The End Of The Innocence - Don Henley (1989)
Quality or nostalgia: There are things I really loved when I was younger, and when I hear them now I’m never sure if I’m really hearing the music or if I’m just hearing my fond memories. So I’m going to add in this little feature to explore whether younger me was onto something, or just on something
I will forever remember this record because the brief time I was fixated on it was while I was on a student tour of Germany. It was playing the first time I ever took off in an airplane, and stuck with me for a solid month. While I was in Munich near the end of my tour, I bought the new release by Tom Petty and The Heartbreakers, and that dethroned Henley.
As with many super-successful bands, internal disagreements and ego clashes spelled the end of The Eagles in the early 80s, although there would be another act to come for them. Henley took a stab at a solo career, making several successful records and scoring several big hits before that phase imploded in legal trouble with his label.

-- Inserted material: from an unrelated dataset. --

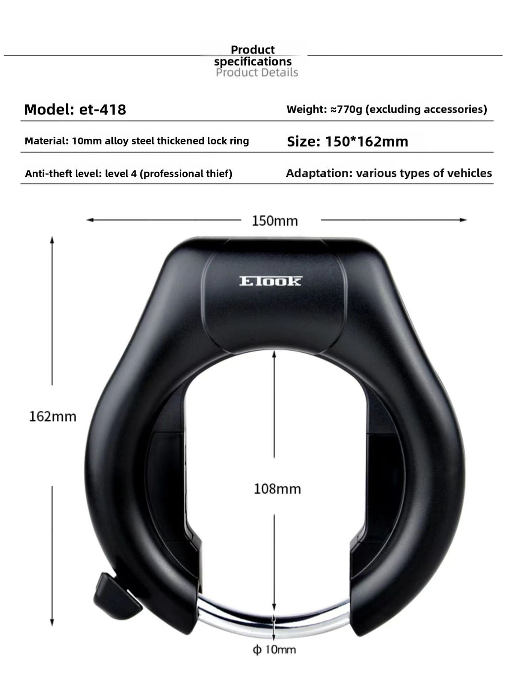 ETOOK Bicycle Lock Crab Claw Lock Horseshoe Lock Mountain Bike Road Bike Universal Anti-theft Strong Alloy Frame U-shaped Lock

This was the third of Henley’s three big solo releases in the 80s, and the best-selling. No massive hit like Boys Of Summer, but a lot of recognizable tunes tastefully done; well, tasteful by 80s legacy pop star standards anyway.

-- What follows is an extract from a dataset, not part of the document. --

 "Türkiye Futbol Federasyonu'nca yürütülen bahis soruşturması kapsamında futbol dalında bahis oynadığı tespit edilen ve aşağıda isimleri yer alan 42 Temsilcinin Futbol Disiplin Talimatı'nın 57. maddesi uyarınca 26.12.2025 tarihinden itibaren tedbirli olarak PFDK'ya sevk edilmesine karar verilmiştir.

The instrumentation and production are of their time, and about half the songs are clearly designed for adult contemporary radio: catchy, inoffensive, unremarkable. Henley (or his various co-writers) do have a good ear for a fun phrase. I still occasionally use the line “She looked at me / uncomprehendingly / like cows at a passing train”
So is it Quality or Nostalgia?
The tunes that were supposed to sound hip and modern–the cheese-ass rock tropes of I Will Not Go Quietly, the ultra-shitty pop-ska beat on Little Tin God–are honestly terrible. The clearly radio-ready tunes like the title track and The Heart Of The Matter are tasteful but not particularly exciting. A few songs have the same combo of attitude, humor, and pop savvy that made his other work so accessible.
Tracks I Liked
End of The Innocence - a collab with 80s piano pop standout (and future Grateful Dead keyboardist) Bruce Hornsby. Classy if unexciting.
How Bad Do You Want it - sonically a sequel to the superior All She Wants To Do Is Dance, but it does a good job of it.
If Dirt Were Dollars - I had totally forgotten how great this song is.